Il labirinto del bugiardo. L’avversario di Carrère al Teatro della Cooperativa

Mag 22, 2025

Nella cornice del Teatro della Cooperativa di Milano, impegnato dal 2001 nella riqualificazione culturale del quartiere Niguarda, è andato in scena dal 6 all’11 maggio un reading fra teatro e musica dal vivo su L’avversario di Emmanuel Carrère. A dare voce al romanzo dello scrittore francese, Arianna Scommegna e Mattia Fabris, accompagnati dalla chitarra di Massimo Betti e prodotti da A.T.I.R.

Come si conviene ad un reading teatrale, ad emergere dalle voci degli interpreti non può che essere il testo di Carrère. La trama de L’avversario ruota attorno un fatto realmente accaduto che forse non potrebbe essere annoverato con facilità neanche nella categoria di cronaca nera, tanto singolare e sconvolgente è la storia che racchiude.

Nel 1993 tale Jean Claude Romand – con cui Carrère entrò realmente in contatto dopo la cattura, seguendone il processo – uccise sua moglie, i due figli, i suoi genitori e la sua amante Corinne. Il movente, che gli procurò l’ergastolo, era l’impossibilità di portare oltre una menzogna che teneva insieme i pezzi della sua vita da quasi vent’anni.

Un percorso universitario presso la facoltà di medicina di Lione, interrotto dopo appena due anni, diede il via alla creazione di una realtà parallela in cui far confluire ogni sforzo affinché fosse creduta vera. La laurea, la conseguente assunzione come ricercatore all’OMS, i continui viaggi di lavoro, un linfoma insopportabile, fecero da impalcatura alla seconda vita di Romand, trascorsa in realtà nascosto tra i parcheggi degli autogrill e i boschi della Giura. Naturalmente niente di tutto ciò era vero, tranne gli onerosissimi prestiti che per ragioni di lavoro, o più semplicemente per curarsi, andava accumulando.

Scommegna e Fabris, incalzati da Betti, restituiscono con grande precisione l’intelaiatura fittissima delle pagine di Carrère, cercando di districare i bandoli della matassa di una mente che eleva la menzogna a tal punto da renderla una ragion d’essere, una condizione di sopravvivenza.
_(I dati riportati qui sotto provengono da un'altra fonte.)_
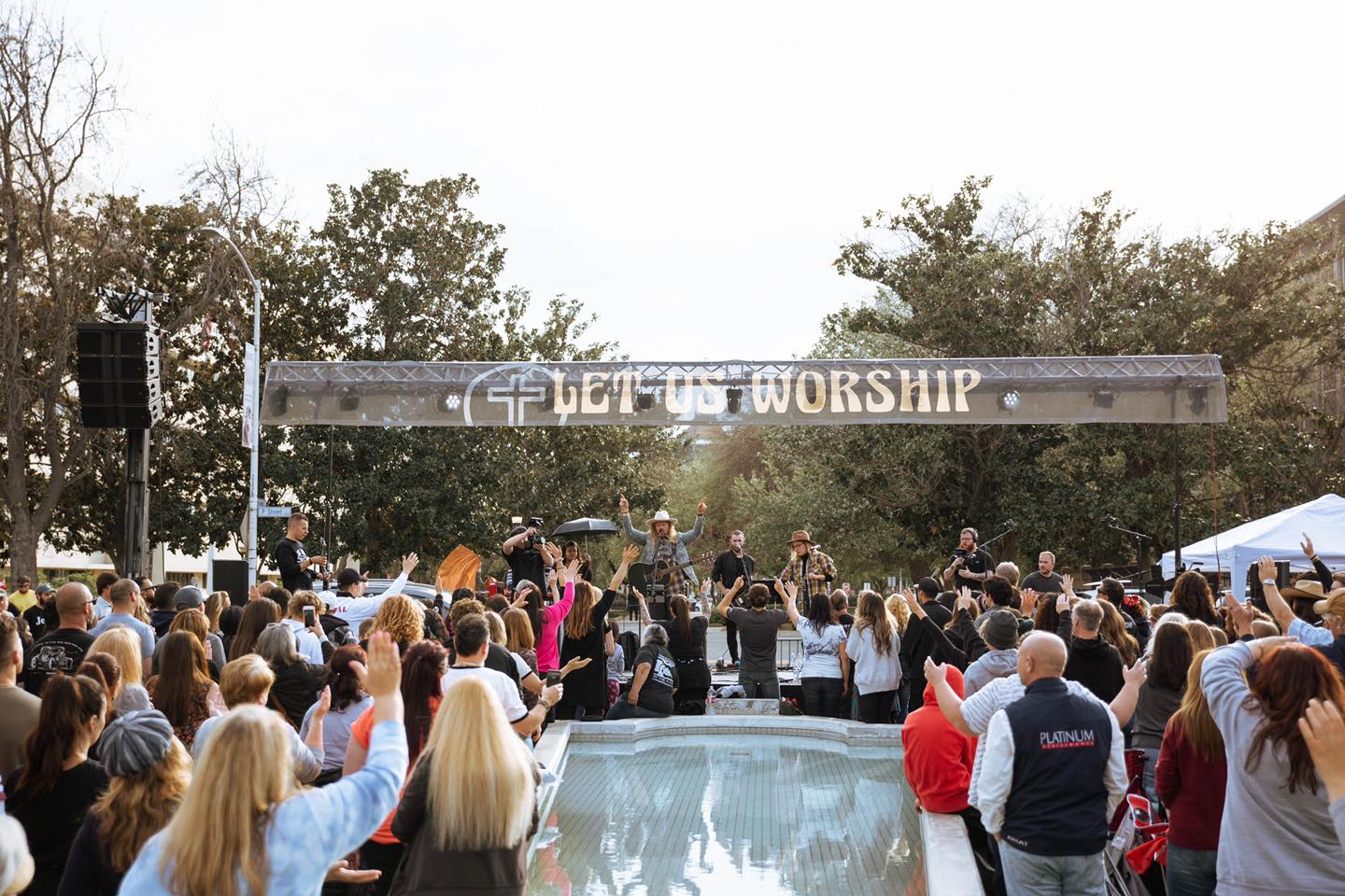 Photo of Sean Feucht in front of Fresno City Hall “Let Us Worship” event.

Non a caso, l’architetto Romand progetta e dirige bene i lavori finché non realizza l’impossibilità di insistere nel falso: tutti avrebbero scoperto i suoi enormi debiti e questo avrebbe significato sostenere il peso della verità che viene a galla.

Ed è proprio davanti a quest’incombenza che Romand persegue disperatamente sé stesso: si nega, negando la vita dei suoi cari e tentando di arrischiare la propria. Attraverso le voci degli interpreti, che cambiando registro si alternano con mestiere nel dare corpo ai personaggi, seguiamo da vicino il paradosso della menzogna che non si libera di sé stessa.